基于改进U-Net的农业大棚高分遥感影像语义分割模型

    Semantic segmentation model for agricultural greenhouses in high-resolution remote sensing images using an improved U-Net

    • 摘要: 准确获取农业大棚的空间分布信息对于优化设施农业布局、推动乡村振兴和保障粮食安全具有重要意义。针对现有方法存在的多尺度上下文语义信息挖掘不足、边缘分割模糊以及模型精度不高等问题,该研究以QuickBird和GeoEye-1卫星影像为数据源,提出了一种基于改进U-Net的农业大棚语义分割模型MEDNet(multi-scale edge-enhanced dense-skip-connection Network)。

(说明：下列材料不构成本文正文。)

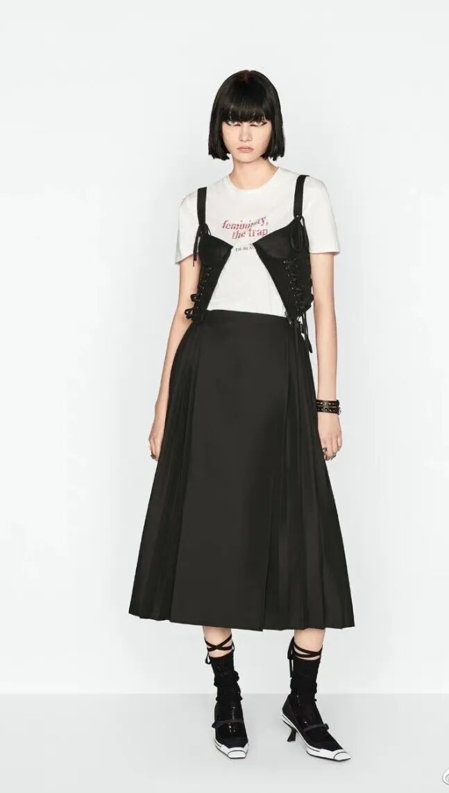 在Dior的「中長半身裙」的產品介紹頁面卻寫著:這款半裙采用標志性的Dior廓形、是一款全新的優雅時尚的單品。

首先,设计密集跨层跳跃连接(dense cross-layer skip connection,DCSC)替换U-Net原始跳跃连接,实现多层级语义特征的跨尺度融合与优化;其次,设计边缘感知特征增强模块(edge-aware feature enhancement module,EAFEM),综合利用Sobel算子与Swin Transformer架构,增强对农业大棚边界细节特征的表达能力;此外,设计近红外波段增强模块(multi-scale spectral enhancement module,MS-SEM),利用多尺度膨胀卷积与通道注意力机制,充分挖掘近红外波段的多尺度光谱信息。最终,在模型瓶颈层进行特征融合,将近红外光谱特征、边缘特征与深层语义特征进行拼接,联合光谱-边缘-语义特征实现深层特征补偿。试验结果表明,MEDNet能够有效提升农业大棚提取精度,其中QuickBird数据上F1值和IoU分别达到93.11%和84.42%,与DeepLabv3+、U-Net、MACU-Net和U-Netformer模型相比F1提升1.63~3.07个百分点、IoU提升3.93~6.52个百分点;GeoEye-1数据上F1值和IoU分别达到95.59%和90.67%,与其他对比模型相比F1提升0.84~2.19个百分点、IoU提升2.05~4.15个百分点。研究可为基于高分影像的设施农业用地遥感监测提供技术支持。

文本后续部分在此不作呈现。